Ben Gunn joined the band after the band released "The Damage Done", after Craig Adams joined, and the band first started using Doktor Avalanche.

He played on the singles from "Body Electric" until "Temple of Love", despite some people believing he was there only for live purposes. However, he did not play on The Reptile House EP. Subsequently, the band signed to WEA and Ben Gunn quit in disgust, claiming personal differences between himself and Eldritch (the same reason as was later stated when Gary Marx, Wayne Hussey and Craig Adams left between 1984 and 1985). He claimed that the Sisters started as a joke on rock outfits, and now they had become one.

He later played in a band named Torch, and afterwards formed Anabas (on his own label 'Flame On'), releasing two singles under this banner. Whilst in bands he often would not allow himself to be photographed by interviewers.

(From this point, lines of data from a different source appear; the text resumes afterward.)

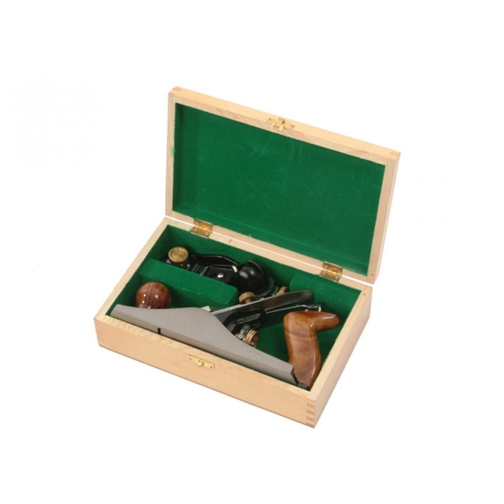 This Faithfull Plane Set comes in a wooden storage box and provides the essentials you need for planing wood: 1 x No.4 Smoothing Plane, designed for smoothing and final finishing. Made with a quality grey cast iron body for strength and stability with precision ground base and sides for flatness and squareness. Machined seatings eliminate movement and blade judder. A lever cap with a brass locking screw secures the blade assembly and enables easy release for sharpening. Wooden handles and guidance knobs maximise user comfort. A solid brass blade adjustment nut completes the appeal of these traditional tools. Cutter Width: 50mm.Overall Length: 250mm. 1 x 60.1/2 Block Plane has the plane iron set at 13.5°. It is particularly effective on end grain and plastic laminates. Block planes are designed for end grain work or in any situation where a single handed operation is required. The low angle cutter and fully adjustable mouth, from wide for coarse work to narrow for the fine shaving of awkward grain. Cutter Width: 35mm.Overall Length: 160mm.
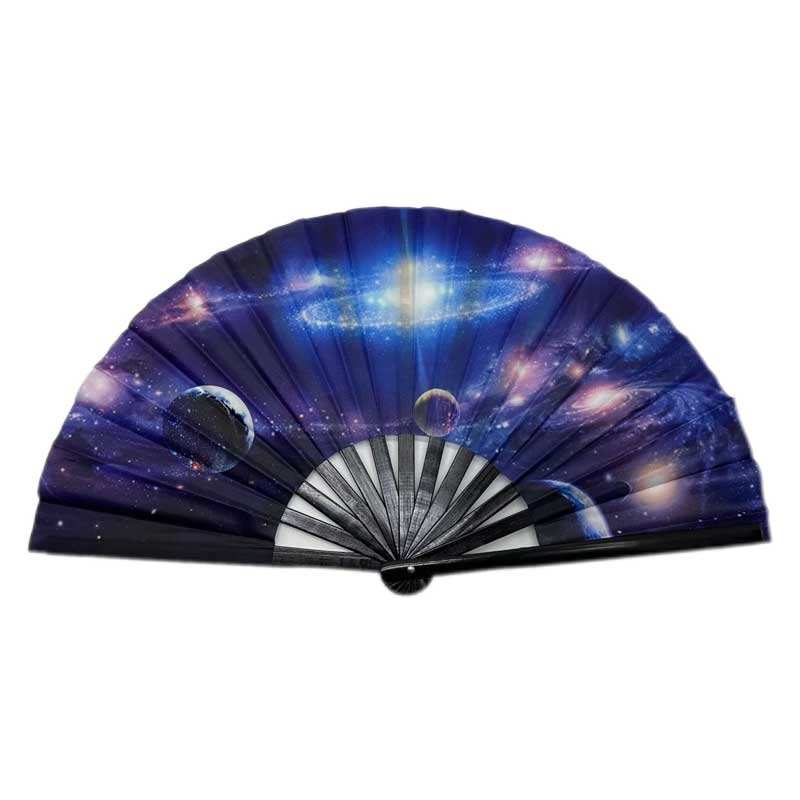 พัดมือพับได้แบบกำหนดเอง ขนาด 33 ซม. ทำจากไม้ไผ่ สีดำ สะท้อนแสง
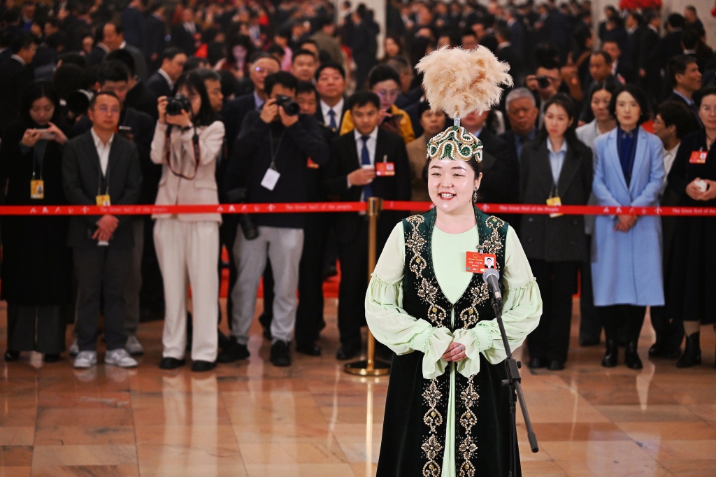 2025年3月11日,北京,人民大會堂中央大廳北側(cè)舉行十四屆全國人大三次會議第三場“代表通道”集中采訪活動。全國人大代表、新疆阿勒泰地區(qū)文博院館員卓婭·巴合提。視覺中國 圖
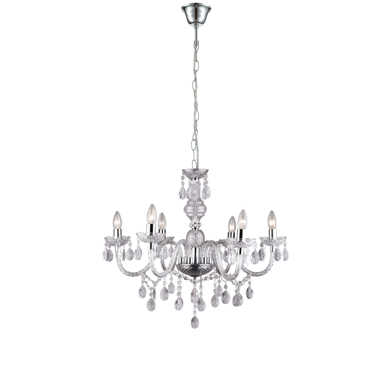 Lühtrid Cuimbra I, Kroom, Läbipaistev valge, 6 pirni E14, 40W, Materijal – Metall, akrüülkristall. Kõrgus 166cm, IP20
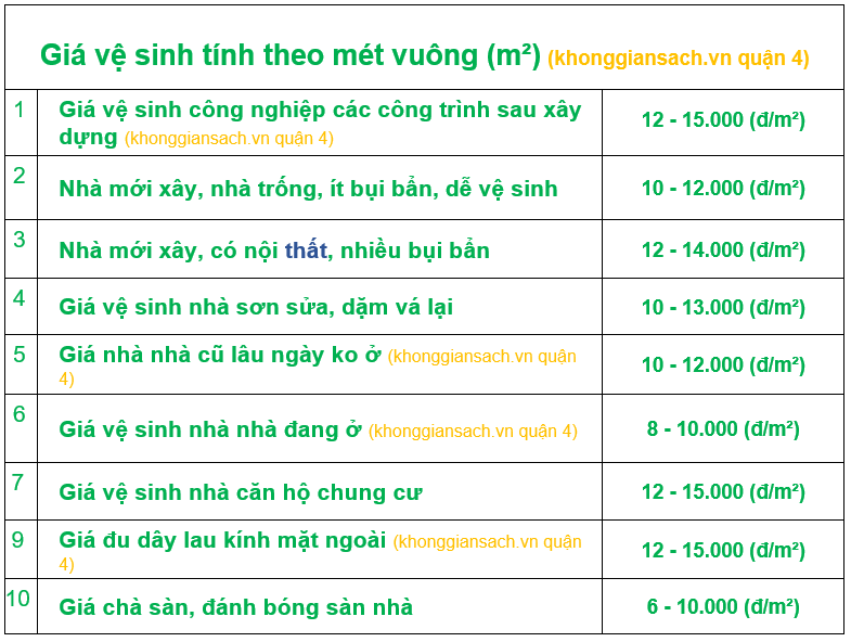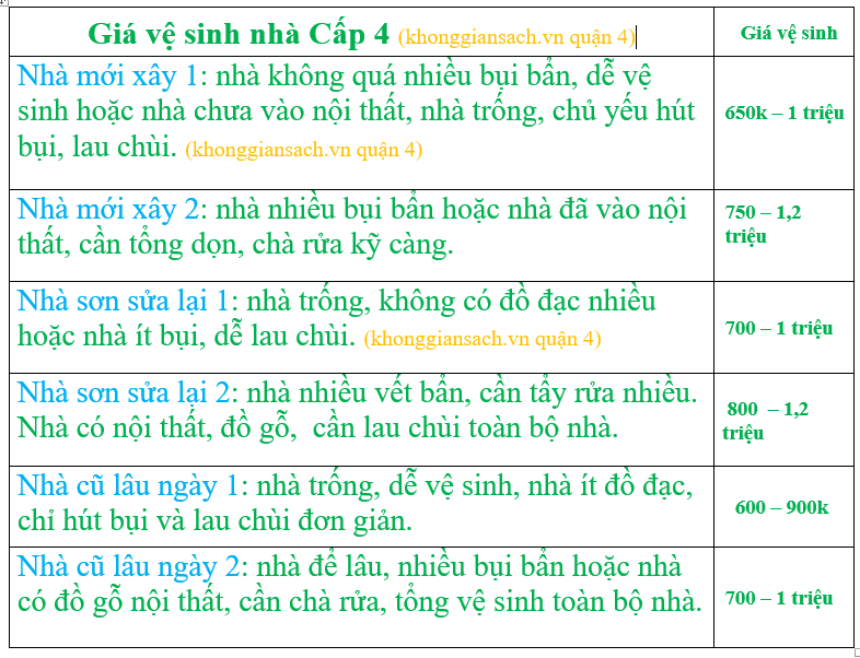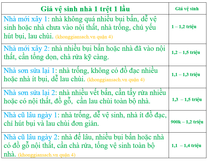 Giá dịch vụ vệ sinh nhà ở Q.4 được tính ntn ?
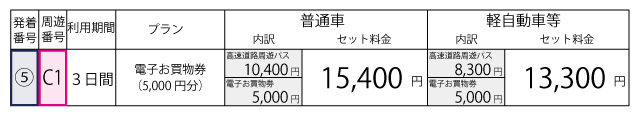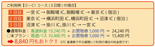 ⑤ - C1 プラン(3日間以内)・・東京や神奈川方面へご旅行される場合
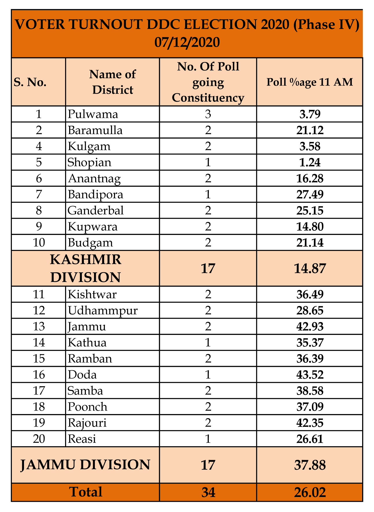 JAMMU: The 4th phase of DDC elections 2020 recorded voter percentage of 26.02 % across different constituencies spread over different districts of Jammu and Kashmir till 11:00 am today.

Following the lack of success for his post-Sisters of Mercy projects, Matthews left the music industry. It is believed he studied economics at Liverpool University and, following post-graduate study, later qualified as an accountant.

Discography
Singles with The Sisters of Mercy

with Torch = TBC (1983)

with Anabas = "Barricades" / "Dream Dance" 7" (Flame On-FLAME 003-1983)

References 

English rock guitarists
The Sisters of Mercy members
Living people
Year of birth missing (living people)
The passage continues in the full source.